Ich frage, was ist das für eine verquere Logik, der bereits der Import von Müllfahrzeugen ausreicht, um einen Präventivkrieg zu begründen.

Liebe Freundinnen und Freunde, was sich da auf der internationalen Bühne wirklich abspielt, ist der radikale Umsturz kollektiver Sicherheitsstrukturen zu Gunsten eines unverhohlenen Anspruchs auf Vorherrschaft. Indem die Bush-Regierung das Recht auf Präventivkriege beansprucht, hebt sie das Angriffsverbot der UNO-Charta aus den Angeln. Was sie an die Stelle der UNO-Ordnung setzt, ist eine Ordnung nach ihrem imperialen Gusto und Interessenverständnis. Danach wird gemacht, was nützlich erscheint, wie zum Beispiel Welthandelsorganisation, Weltbank oder das Jugoslawientribunal. Alles andere ignoriert oder sabotiert man, wie zum Beispiel das Kyoto-Protokoll, den Weltstrafgerichtshof, den ABM-Vertrag und mittlerweile auch die UNO-Charta.

Betrachten wir die Lage nüchtern, dann sieht es zurzeit ganz so aus, als sollte ein Irakfeldzug zum ersten wirklichen Belastungstest dieser Politik werden, zur ersten wirklichen Belastungsprobe und zur Feuertaufe, einer Feuertaufe, für die zehntausende von Opfern billigend in Kauf genommen werden, ebenso wie die Gefahr einer Palästinisierung der Konflikte im Mittleren Osten.

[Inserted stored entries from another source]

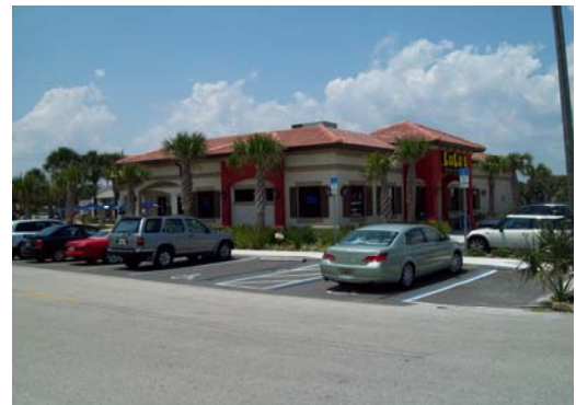
30 S. Atlantic Ave – AFTER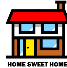
HOME SWEET HOME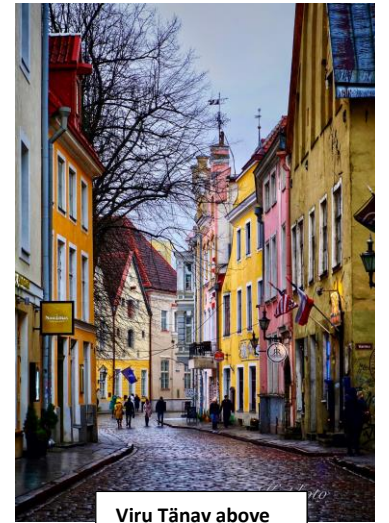
Viru Tänav above Eesti forrest below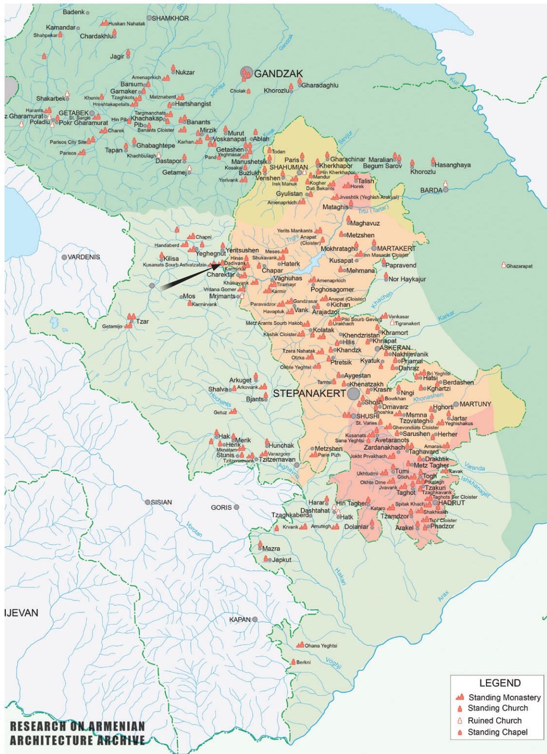
Figure 3. Historical Religious Monuments of Artsakh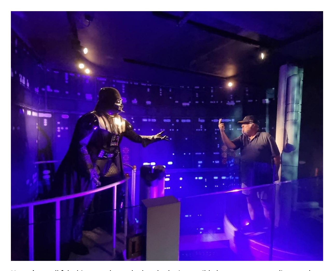
Haven't we all felt this way when asked to do the impossible by an arms corps client, and then doing it regardless?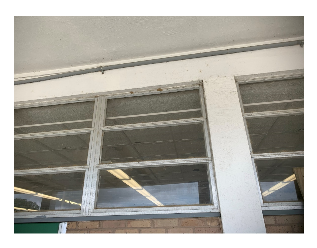
Figure 11 – Library ceiling needs finishing at end where window shows above new ceiling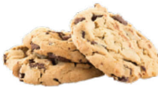
CHOCOLATE CHIP / OATMEAL RAISIN COOKIES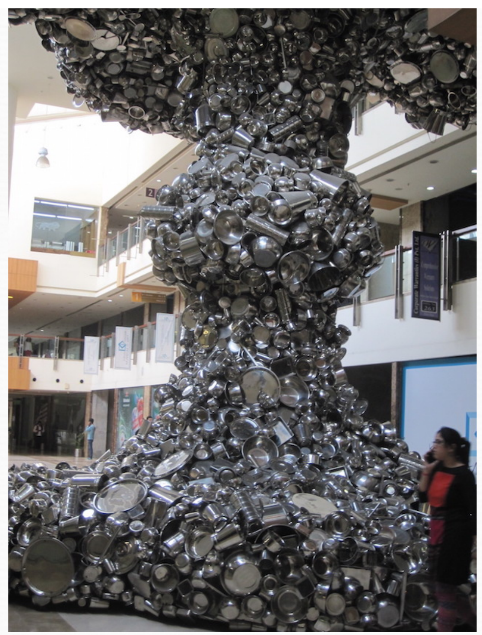
Subodh Gupta, Lines of Control, 2008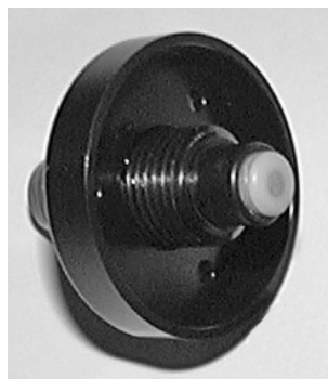
Fig. 6—(Left) A clean EndOhm surface with no spots or irregularities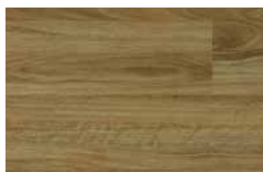
JD166-5 3.0/0.5 x 152.4 x 1219.2mm BP emboss

Our Luxury Vinyl Tile Collection offers a wide range of planks at affordable prices, ensuring something for everyone. Choose from a variety of design strips and borders.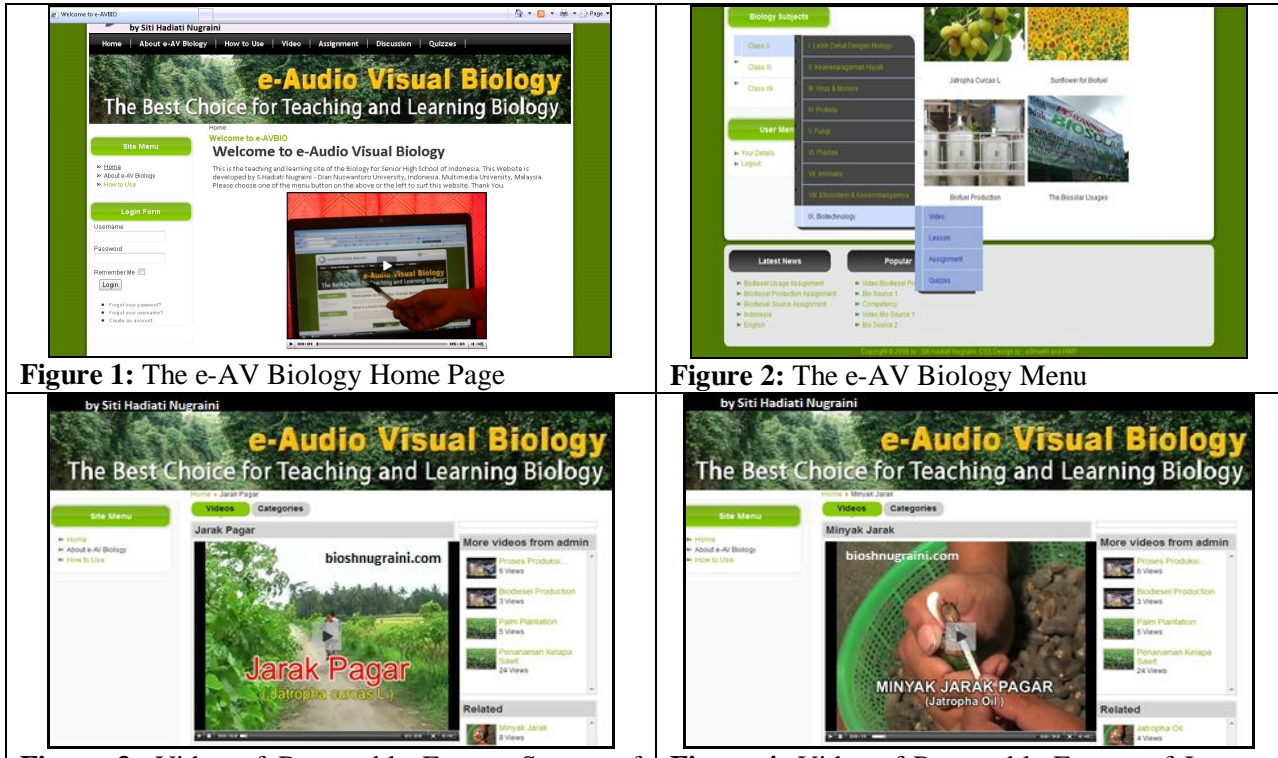
Figure 3: Video of Renewable Energy Source of Figure 4: Video of Renewable Energy of Jatropa

This part facilitates the students to share the knowledge in the relevant content.

Ist doch die militärische Überlegenheit der USA so überwältigend und wird auf Grund ihrer scheinbaren Allmacht in einer Weise benutzt, dass auf der anderen Seite nicht nur der Hass, sondern auch das Gefühl der Ohnmacht den Terrorismus zu einer bevorzugten Form der Auseinandersetzung machen dürfte. Die in diesem Muster gewachsene Eskalation des israelisch-palästinensischen Konflikts sollte allen eine Warnung sein.

Deshalb erheben wird heute unsere Stimme zum Protest. Deshalb setzen wir dem Kriegskurs der amerikanischen Rechten unseren Widerstand entgegen. Deshalb begrüßen wir das Nein aus Frankreich, Deutschland, Russland und China zu einem Irakkrieg. Und deshalb haben wir kein Verständnis für Politiker, die eine Beteiligung deutscher Soldaten an einem Angriffskrieg gegen den Irak befürworten.

Wir wollen an die Stelle eines Rechts des Stärkeren die Stärke des Völkerrechts gesetzt wissen. Dafür lasst uns gemeinsam einstehen. Setzen wir den Kriegstreibern unseren Protest entgegen, den Protest von Millionen von Menschen in der ganzen Welt, unser Engagement und unsere Kraft, die Kraft der internationalen Friedensbewegung!